He’d begun baking as a teen in Beirut and worked in bakeries before starting a new life in the United States.
To his surprise, he found no Middle East bakery in Dearborn, Michigan, despite a swelling population of Arab Americans made up of both newer immigrants and more established first- and second-generation families.
So in 1979 he opened Shatila Bakery, sleeping in the store at times to oversee the making of baklava with its nuts, flaky phyllo dough and a simple sugar syrup.
“We don’t make it overly sweet. The nice thing about our baklava is it appeals to a wide variety of palates,” says Shatila’s daughter Nada, now vice president of the business her late father started. “We want the taste of the nuts and the flakiness of the phyllo to stand out.”
The bakery’s baklava recently was acclaimed the best in America by food critics at the Wall Street Journal.

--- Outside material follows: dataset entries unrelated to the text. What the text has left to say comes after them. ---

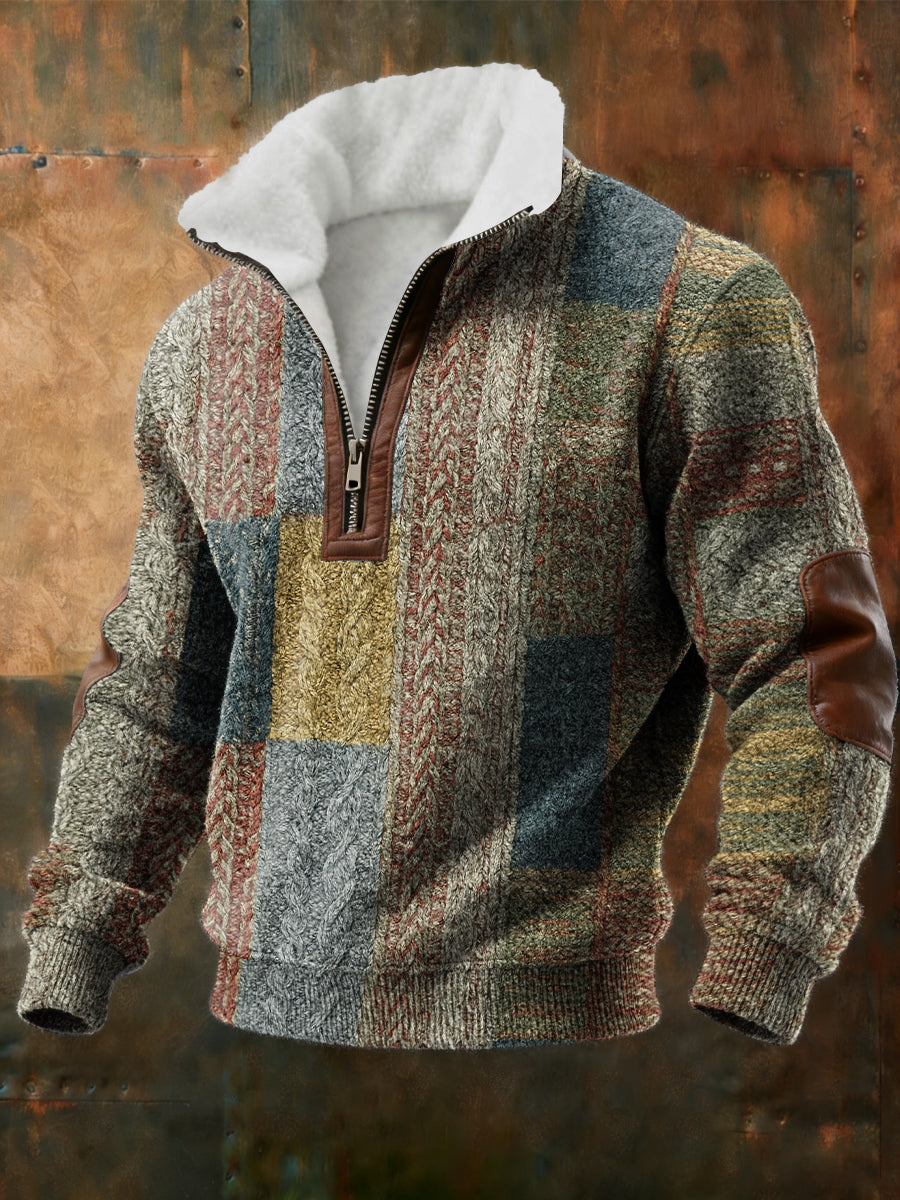Férfi geometriai művészet gyapjú-bélelt pulóver
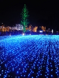 ミッドタウンガーデンの芝生広場に繰り広げられる一面のイルミネーションは今年もブルー基調で見事です。くるくると星雲が動く様子を表現していて、今年のテーマは「無限大の宇宙をモチーフにしたスターライトガーデン」なのだそうです。近寄って見てもきれいですが、ミッドタウンの窓から遠望するほうが宇宙的なイメージが感じられます。
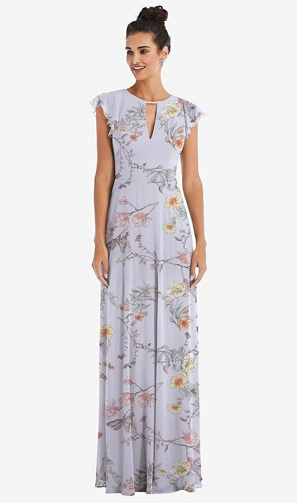 Flutter Sleeve V-Keyhole Chiffon Maxi Dress in Butterfly Botanica Silver Dove
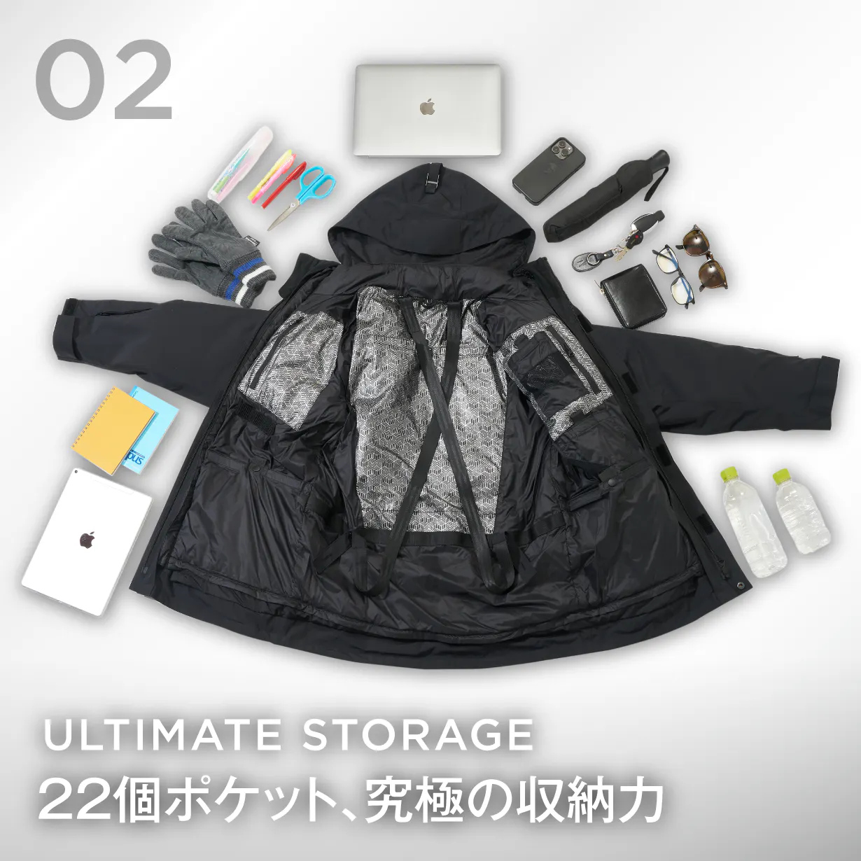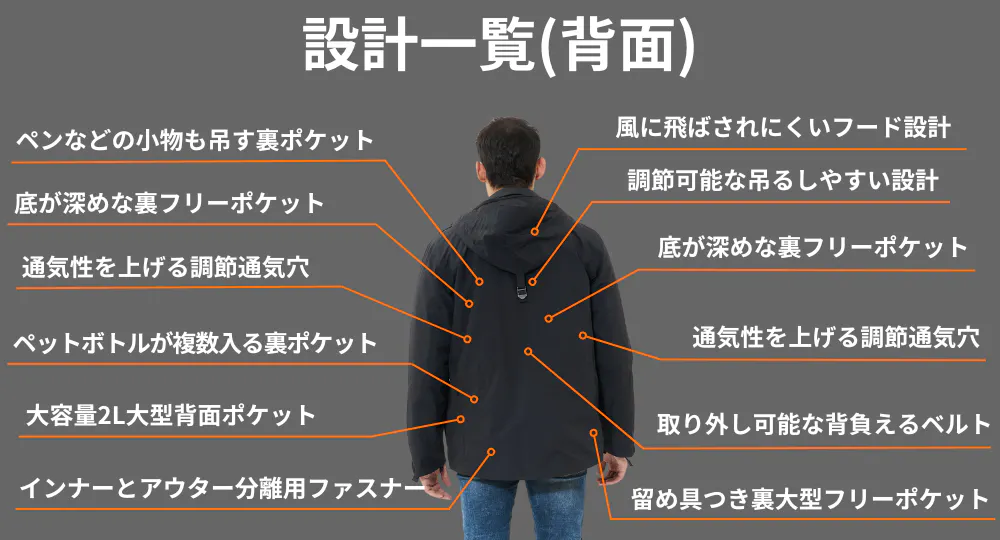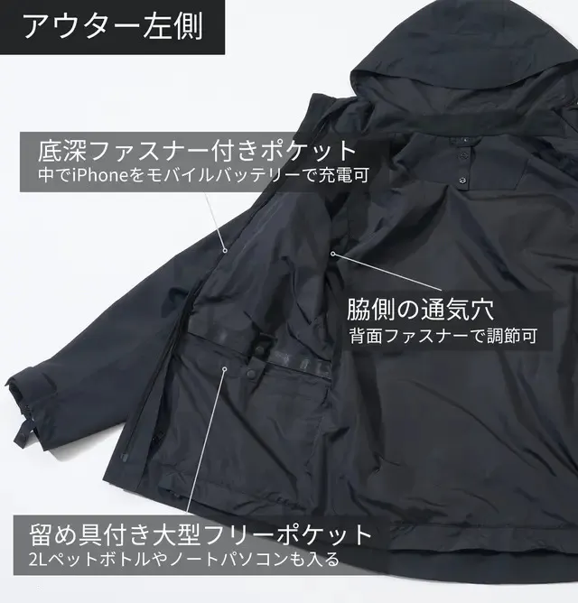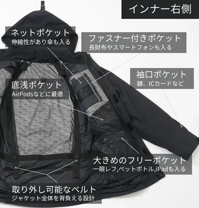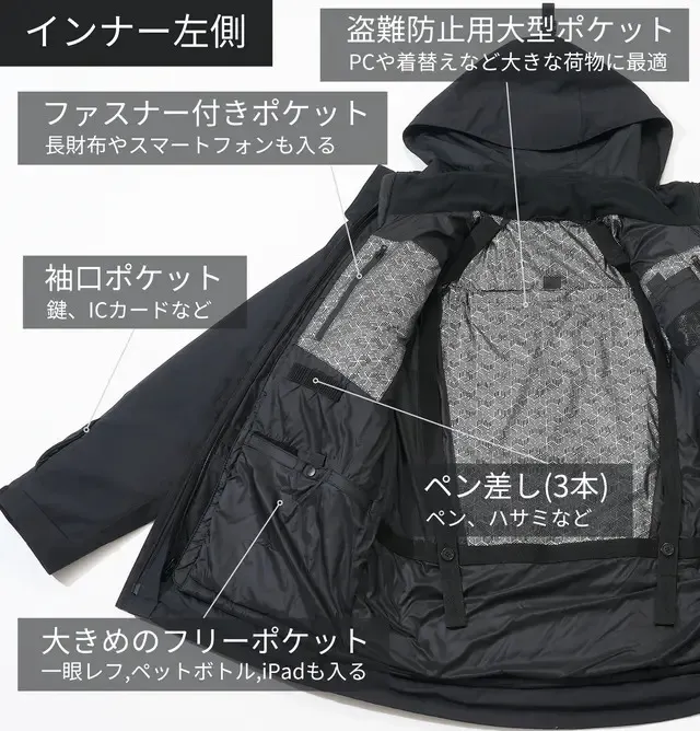驚異の収納力を実現、22個ポケットを搭載!この1着あれば、手ぶらでお出かけ!3WAYの自由自在なデザイン!春や秋には取り外し可能なインナーダウンで、梅雨の時期にはジャケットだけで軽やかに、そして寒い冬にはインナーダウンを組み合わせて防寒性を倍増。一着で四季を通じてお使いいただけます。

It’s sold at the two Shatila bakeries in Dearborn and another Detroit suburb, and also over the internet.
The bakery and its factory employ up to 200 people during peak seasons, including Christmas and Ramadan.
Nada Shatila says the most popular items during Ramadan, the month of daytime fasting for American Muslims that ends June 15, are not baklava but heavier pastries such as cheese- or cream-filled knafeh; atayef, a pancake-like pastry stuffed with cheese, walnuts or cream; and kellajj, a cream-filled pastry made with phyllo dough.
Customers who place orders over the internet miss one essential part of the Shatila Bakery experience: walking into the 1,000-square-meter bakery and finding an oasis complete with palm trees and tables to indulge in the colorful treats behind the glass shelves.
Nada Shatila, an international studies major at the University of Michigan, considered becoming a lawyer rather than entering the family business.
“I had a conversation with my dad and told him I wanted to be very socially responsible,” says the 29-year-old. “He told me, ‘Well, a lot of business is about supporting your community.’ Now I realize what he said is very true.”